Picking an AD Backend and Enzyme Errors

I’m working on an optimization problem for a paper of the form
cost(θ) => scalar, where θ is potentially large, maybe 100-200 dimensional.

I was under the assumption reverse mode AD is appropriate for this task, however benchmarking a few:

For θ in R^100

For forward mode:

  • ForwardDiff takes ~200ms
  • PolyesterForwardDiff takes ~20ms (with 10 Chunks)

For reverse mode:

  • ReverseDiff takes ~2000ms with significantly more allocations
  • Zygote fails because I do quite a lot of mutation to avoid allocations
  • Diffractor gives some type error that I don’t understand
  • Enzyme gives this, which…I’m really not sure what to do with

For completeness, I opened an Enzyme issue here.

So, what is the best approach here? ForwardDiff is working, PolyesterForwardDiff gives a nice 10x speedup, but seem unsupported as an AD backend for SciML’s Optimization. And only ReverseDiff works in reverse-land.
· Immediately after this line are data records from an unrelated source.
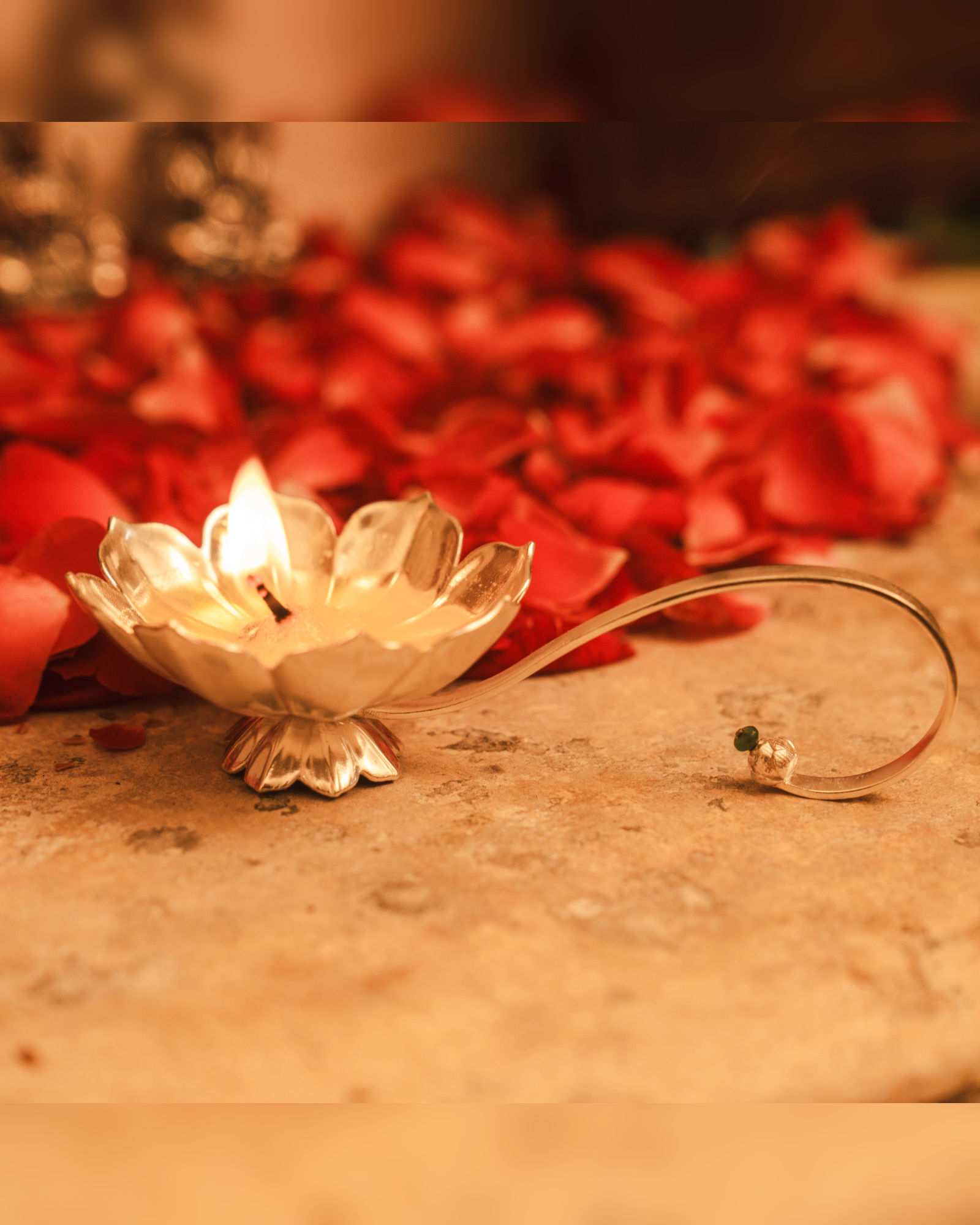 Beautifully handcrafted in silver, this diya is designed in the shape of a blooming flower. A symbol of purity and light, it is perfect for daily pooja, festive rituals, and devotional offerings. Its graceful form adds a serene touch to every prayer and sacred ceremony.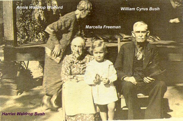 Harriet Waldrop Bush; 10-15-1843 to 8-24-1937; buried Waco. Daughter of Thomas Greer Waldrop and Sarah A Tommie. Married Abraham P Bush, submitted by Michael Tucker |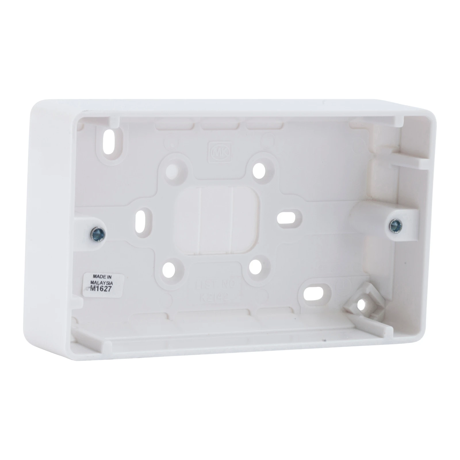 2 Gang Surface Mount Moulded Box 148 x 87 x 30 mm White for use with conventional wiring accessories. Check wiring accessory installation instructions for suitability. · · · Made from PVCu · · Fixing centre: 120.6mm · · Surface mounted · · Knockouts in base and sides for cable entry · · Screwed terminals for connection
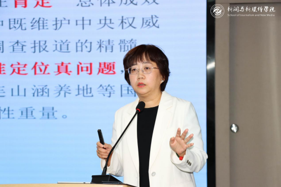 随后,苏蕾副教授从新闻理论角度对王文志的系列报道进行了解析。她分析了王文志记者报道中独特的“国家意志与地方执行落差”框架,以及其如何通过精准的数字和权威的消息来源构建报道的公信力。苏蕾老师指出,王文志记者的成功实践表明,在中国语境下,调查报道完全可以做到既坚持正确导向,又实现深刻的监督价值,是“马克思主义新闻观”与“专业主义精神”相结合的典范。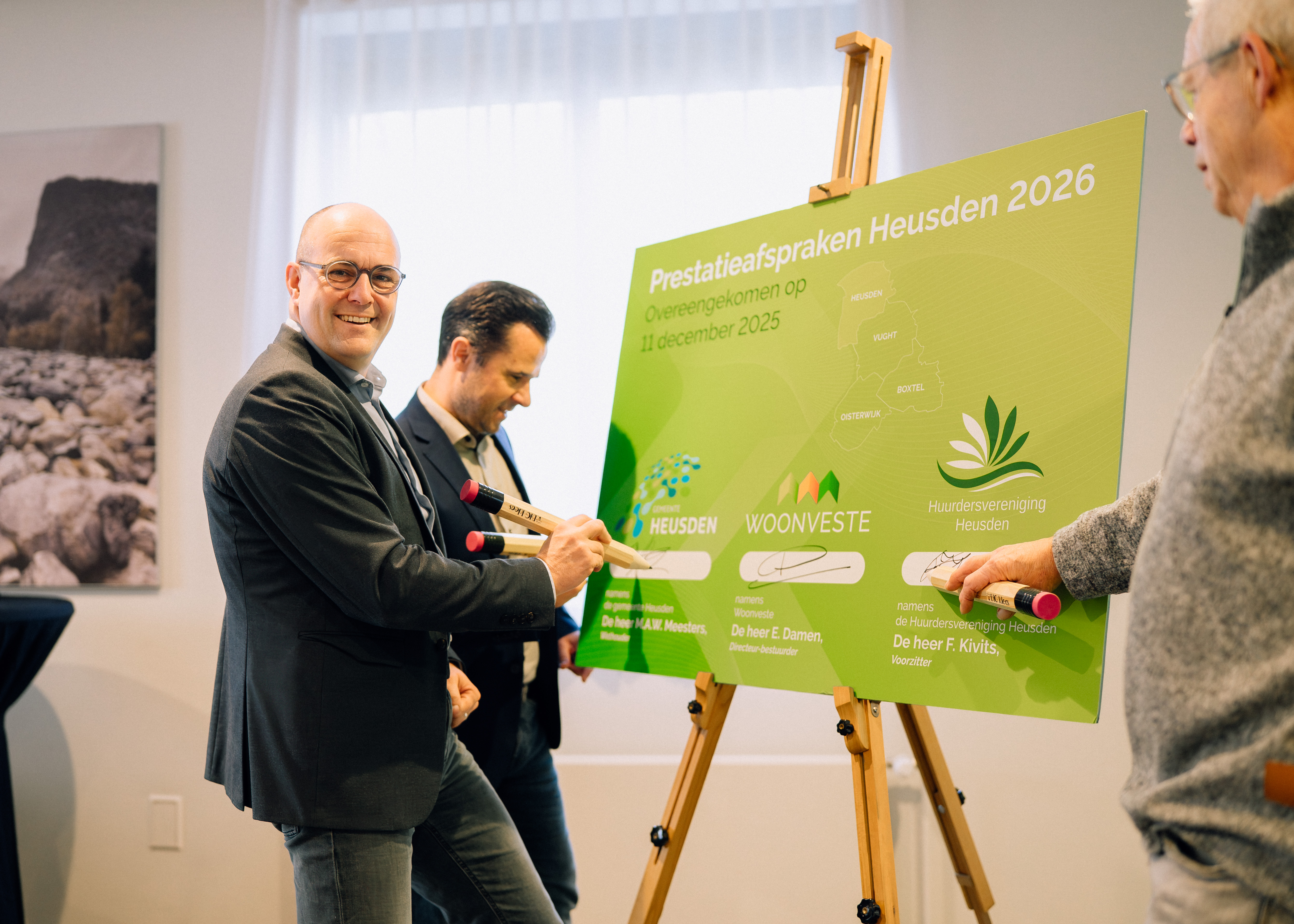 Samen met de gemeente Heusden en de Huurdersvereniging Heusden hebben we de prestatieafspraken voor 2026 vastgesteld. Op 11 december 2025 werden de handtekeningen gezet. In 2026 blijven we inzetten op een sterke samenwerking om gezamenlijk grote maatschappelijke opgaven te kunnen aanpakken, zoals woningtekorten, energietransitie, leefbaarheid en zorg voor kwetsbare doelgroepen.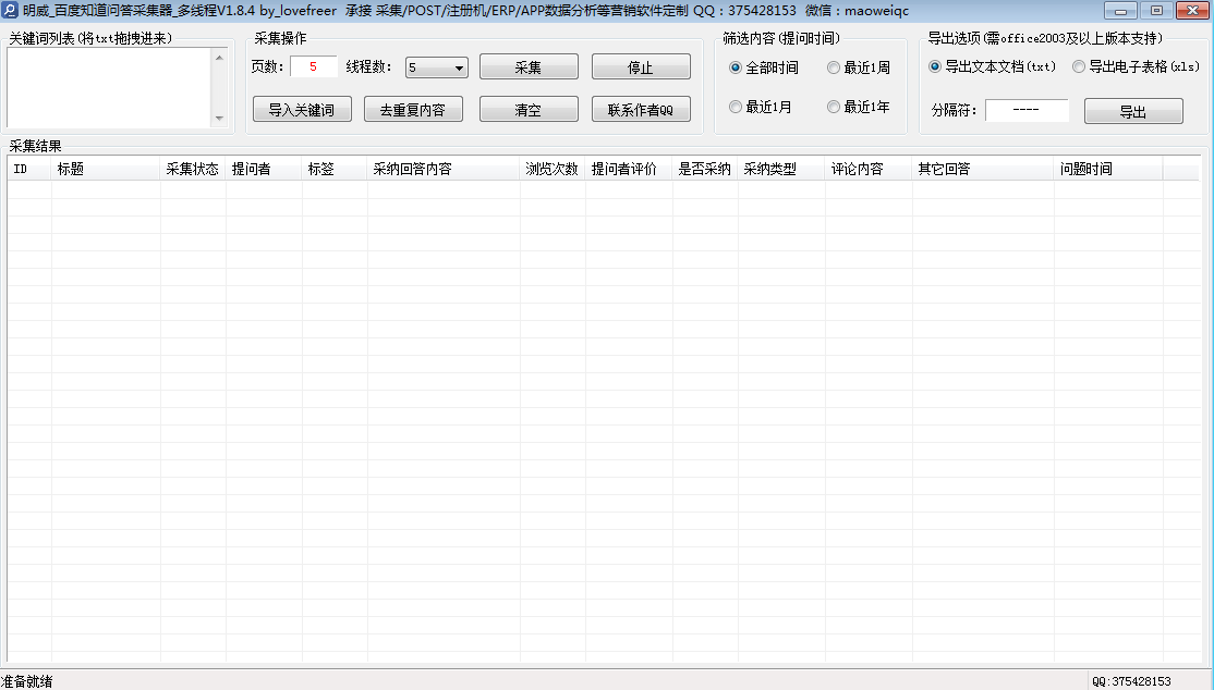 明威问答采集器是一款实用的百度知道问答采集工具,工具可以让用户可以快速的采集百度知道的问答,然后把这些问答批量导出,给营销人员工作带来便利,需要的朋友欢迎下载使用。

I’d appreciate any insight!

For more context, the problem setup is here

Ah, also my mistake, AutoPolyesterForwardDiff is indeed apart of Optimization. It just hasn’t made it to the docs yet.

EDIT: However, I could not get it to work.
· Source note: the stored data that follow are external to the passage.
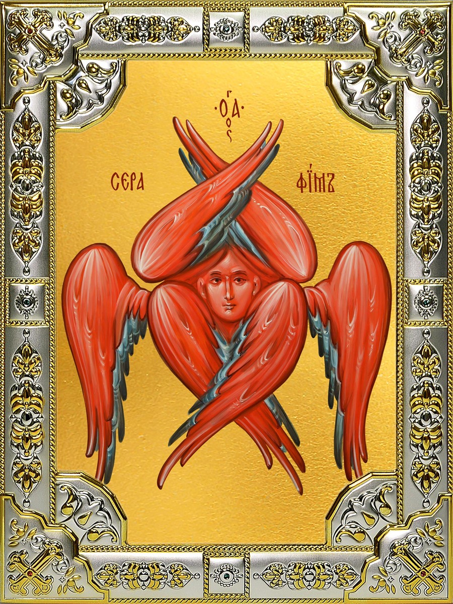 Описываются и изображаются с 6-ю крыльями, часто красного (огненного) цвета. Потому, что только Творец и высшие Ангелы – Серафы владеют Священным Божественным Огнём!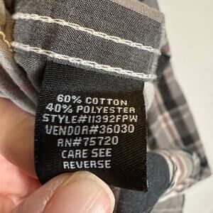 Features: Long sleeves, western style, pearl like snaps, cotton blend, easy care, collared, chest pockets, relaxed fit, lightweight.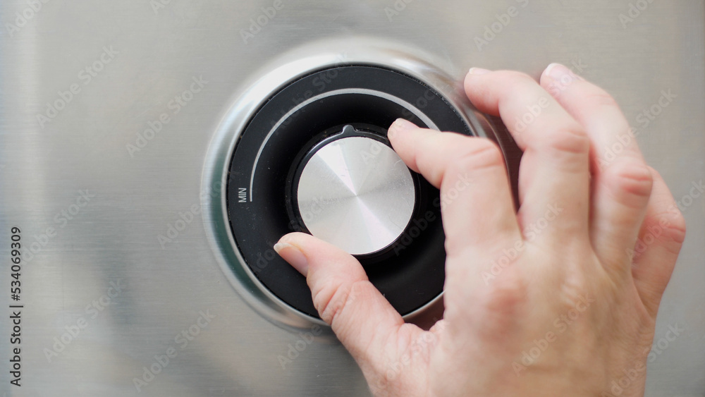 Human hand adjusting power on a power regulation knob of an electric grill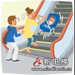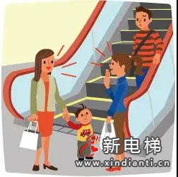 (危險!禁止!)小孩子一個人乘坐扶梯,一點小事就會很容易造成他的情緒崩潰,是非常危險的,所以小孩子乘坐扶梯一定要有大人陪同!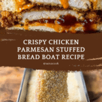 This Chicken Parmesan Stuffed Bread Boat is a delicious and hearty dish that combines crispy breaded chicken breasts with rich marinara sauce and melted cheeses, all nestled inside a hollowed-out Italian bread loaf. Perfect for a satisfying meal that’s easy to share and full of Italian-inspired flavors.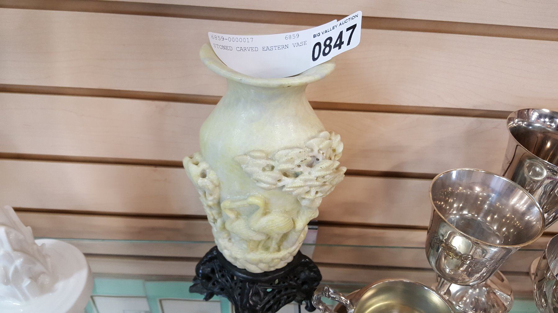 STONED CARVED EASTERN VASE

Can you post a reproducible example of your code?

Replied on GitHub re Enzyme error.

Looks like Julia’s complex sqrt has a bit hack. We should just define a rule for it. That should fix it, but I don’t myself have time for roughly a week before I can work on it.

If you or others are interested in adding it lmk.

Doing so properly requires writing the complex sqrt here (Enzyme/enzyme/Enzyme/InstructionDerivatives.td at 0b621884bc531329095d202f042f6599a86614ec · EnzymeAD/Enzyme · GitHub this is the complex 1/z rule) and for Julia here (Enzyme.jl/src/compiler/interpreter.jl at 8784d1f79cf9e84028bc04c7455493d1b9dcbd31 · EnzymeAD/Enzyme.jl · GitHub) and here (Enzyme.jl/src/compiler.jl at 8784d1f79cf9e84028bc04c7455493d1b9dcbd31 · EnzymeAD/Enzyme.jl · GitHub)

1 Like

For performant reversediff you would want to compile the tape API · ReverseDiff.jl

2 Likes

For completeness, at the moment Diffractor.jl is only a forward mode backend, and still rather experimental

1 Like

Is there a reason you think reverse mode is more appropriate for this task? We have done many detailed measurements in different domains, and for example A Comparison of Automatic Differentiation and Continuous Sensitivity Analysis for Derivatives of Differential Equation Solutions | IEEE Conference Publication | IEEE Xplore this mentions that due to various limitations of reverse mode that 100 is the cutoff to where you should start considering reverse-mode AD.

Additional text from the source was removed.